I'm a student who just started abstract algebra.

There is an easy question for you.

Let $X_1 \le Y$ which means $X_1$ is a subobject(subring or subgroup) of $Y$

Also let $X_2$ bes a (normal or ideal) of $Y$

According to the (group or ring) $2nd$ isomorphism theorem, We can easily pull out the conclusion that $X_1 \cap X_2$ is an ideal of or normal in $X_1$.

But Question is

If the sets $X_1$ and $X_2$ are not contained in each other

(I.E. There aren't case that $X_1 \subset X_2$ or $X_2 \subset X_1$)

And not disjoint from each other then...

$(1)$ Considering group case, is $X_1 \cap X_2$ a normal subgroup of $X_2$?

Considering ring case, is $X_1 \cap X_2$ an ideal of $X_2$?


Considering group case, ie $X_1 \cap X_2$ is a normal subgroup of $Y$?

Considering ring case, Does $X_1 \cap X_2$ is a ideal of the $Y$?

Whenever I try proving n (1) and (2), they look like true.

But I don't have confidence that both of them bre true.

Any help would be appreciated.

Thank you.

Thanks to the @bungo, I add more conditions

  • $\begingroup$ Does $\leq$ symbol here, means an Ideal or Normal subgroup? Also, Please clearly state whether you want the answer from the perspective of group theory or ring theory. Also, It's not clear that you are using the Third isomorphism for rings or groups or modules or field or General. $\endgroup$ – Kumar Jul 16 at 6:16
  • 4
    $\begingroup$ Not in general. Suppose $Y$ is a group and $X_2 \lhd Y$ is a normal subgroup that contains some subgroup $X_1$ that is not normal in $X_2$. Then $X_1 \cap X_2 = X_1$ is of course normal in itself but is not normal in $X_2$, so certainly not normal in $Y$. For a concrete example, take $Y = S_4$, $X_2 = A_4$, and $X_1 = \{1, (12)(34)\}$. $\endgroup$ – Bungo Jul 16 at 6:17
  • $\begingroup$ @Kumar, I edited my question. $\endgroup$ – se-hyuck yang Jul 16 at 7:25

The answer to each question is "no".

Consider $G$ to be any group/ring and $H$ to be a non-normal subgroup/non-ideal subring. I could say take $X_1=H$ and $X_2=G$ and be done but you additionally want to have that they are not contained in each other. We do that by extending $G$: you take another nontrivial group/ring $G'$ and consider $G'\times G$. Now you take $X_1=G'\times H$ and $X_2=\{0\}\times G$ (I denote the neutral element by "$0$" here to be consistent between groups and rings, but in the case of groups I don't assume that $G'$ is abelian, it is arbitrary). Note that $X_2$ is normal/ideal in $G'\times G$. The intersection $X_1\cap X_2$ is still "the same" as in the non-extended case but they are not contained in each other this time.

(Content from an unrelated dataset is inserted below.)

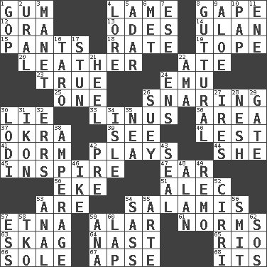 ACROSS 1. Chewing product 4. Unable to walk 8. Open wide 12. Mouth or opening 13. Lyric poems 14. ____ Bator 15. Leg coverings 18. Pace 19. Drink excessively 20. Cordwainer's material 22. Had dinner 23. Loyal 24. Australian flightless bird 25. Single 26. Catching in a trap 30. Whopper 33. "_ and Lucy" (Charlie Brown theme song) 36. Type of rug 37. Gumbo ingredient 39. Observe 40. For fear that 41. Dormintory (informal) 42. Live dramatic performances 44. A female animal or person 45. Heighten or intensify 47. Ewer handle 50. Make supply last 51. Actor Baldwin 53. "We ___ not amused" (Victoria) 54. Deli grouping 57. Inactive volcano in Sicily 59. Having or resembling wings 61. Typical models 63. Heroin 64. Political cartoonist Thomas 65. River (Sp.) 66. Not divided or shared with others 67. Domed church section 68. It is DOWN 1. Grand Old Party 2. Mountain range 3. French painter Edouard 4. Old wives' tales, e.g. 5. The sixth month of the Jewish calendar 6. Was introduced to 7. Compass dir. 8. From the throat 9. Medicinal plant 10. Infant food 11. Compass dir. 16. Edible starchy tuberous root 17. Make senseless or dizzy 21. Person who is morally reprehensible 22. Nanny (var.) 24. Followers of ems 26. Chop _ 27. Angers 28. Soft 29. Yard entry 30. Farming town in central California 31. Image 32. Blunders 34. Capri or Wight 35. Teachers' org. 38. Electrical Measurement 42. Before (prefix) 43. Lick closed 46. Mamie's mate 48. Actor Alda or Thicke 49. San ____ (Riviera town) 52. High-altitude cloud 53. Of or related to the anus 54. Backtalk 55. Johnson of "Laugh-In" 56. Stricken, poetically 57. Curvy letter 58. Ring climax 59. Santa ___, CA 60. Pet locale 62. Distress signal

Now since $X_1\cap X_2$ is not normal/not ideal in $X_2$ then it cannot be in any superobject containing $X_2$.

Side note: "And not disjoint from each other" algebraic subobjects are never disjoint (each of them contains the neutral element). Did you mean nontrivial intersection? You don't need to assume that because the trivial subobject is always normal/ideal in anything.

Side note 2: in the case of unital rings there are subtleties because typically a subring is assumed to contain the multiplicative identity. And thus a proper ideal is never a subring. So we need a more general definition of a subring for that to even make sense. And I'm not sure if everything works correctly with this approach (it probably does).